What is needed: From the entries below, return only the lines starting at the one that contains "3、添加计划后,回到冥想页,能看到【世界" and ending at the one that contains "Ivory Canvas, Queen)", exactly as they stand.

(Beginning of Provided records)

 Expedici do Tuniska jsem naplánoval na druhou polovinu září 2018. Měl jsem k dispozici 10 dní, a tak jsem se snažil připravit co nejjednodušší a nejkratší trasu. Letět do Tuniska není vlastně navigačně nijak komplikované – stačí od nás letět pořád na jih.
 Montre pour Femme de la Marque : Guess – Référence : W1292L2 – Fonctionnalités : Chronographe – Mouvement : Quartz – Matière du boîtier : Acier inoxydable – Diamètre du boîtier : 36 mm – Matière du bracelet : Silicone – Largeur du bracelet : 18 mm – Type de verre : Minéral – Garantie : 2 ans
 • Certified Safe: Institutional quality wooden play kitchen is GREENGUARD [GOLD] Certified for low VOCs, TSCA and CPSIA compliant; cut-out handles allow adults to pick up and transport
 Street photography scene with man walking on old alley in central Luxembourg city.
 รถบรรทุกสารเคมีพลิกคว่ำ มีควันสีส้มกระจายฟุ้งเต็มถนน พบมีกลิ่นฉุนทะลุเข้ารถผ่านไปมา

(End of Provided records)
(Beginning of Provided records)

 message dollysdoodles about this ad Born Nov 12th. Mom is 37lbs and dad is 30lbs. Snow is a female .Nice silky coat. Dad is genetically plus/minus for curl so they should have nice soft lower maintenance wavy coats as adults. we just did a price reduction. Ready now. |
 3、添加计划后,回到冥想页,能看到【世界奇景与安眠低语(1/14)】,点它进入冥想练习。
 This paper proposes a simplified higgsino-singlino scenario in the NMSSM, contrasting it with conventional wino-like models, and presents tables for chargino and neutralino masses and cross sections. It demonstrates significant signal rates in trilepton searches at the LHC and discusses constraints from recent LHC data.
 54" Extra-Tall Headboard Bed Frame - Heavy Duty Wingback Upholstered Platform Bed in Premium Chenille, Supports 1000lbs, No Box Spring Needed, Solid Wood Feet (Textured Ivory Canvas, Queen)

(End of Provided records)

Exercise result:
 3、添加计划后,回到冥想页,能看到【世界奇景与安眠低语(1/14)】,点它进入冥想练习。
 This paper proposes a simplified higgsino-singlino scenario in the NMSSM, contrasting it with conventional wino-like models, and presents tables for chargino and neutralino masses and cross sections. It demonstrates significant signal rates in trilepton searches at the LHC and discusses constraints from recent LHC data.
 54" Extra-Tall Headboard Bed Frame - Heavy Duty Wingback Upholstered Platform Bed in Premium Chenille, Supports 1000lbs, No Box Spring Needed, Solid Wood Feet (Textured Ivory Canvas, Queen)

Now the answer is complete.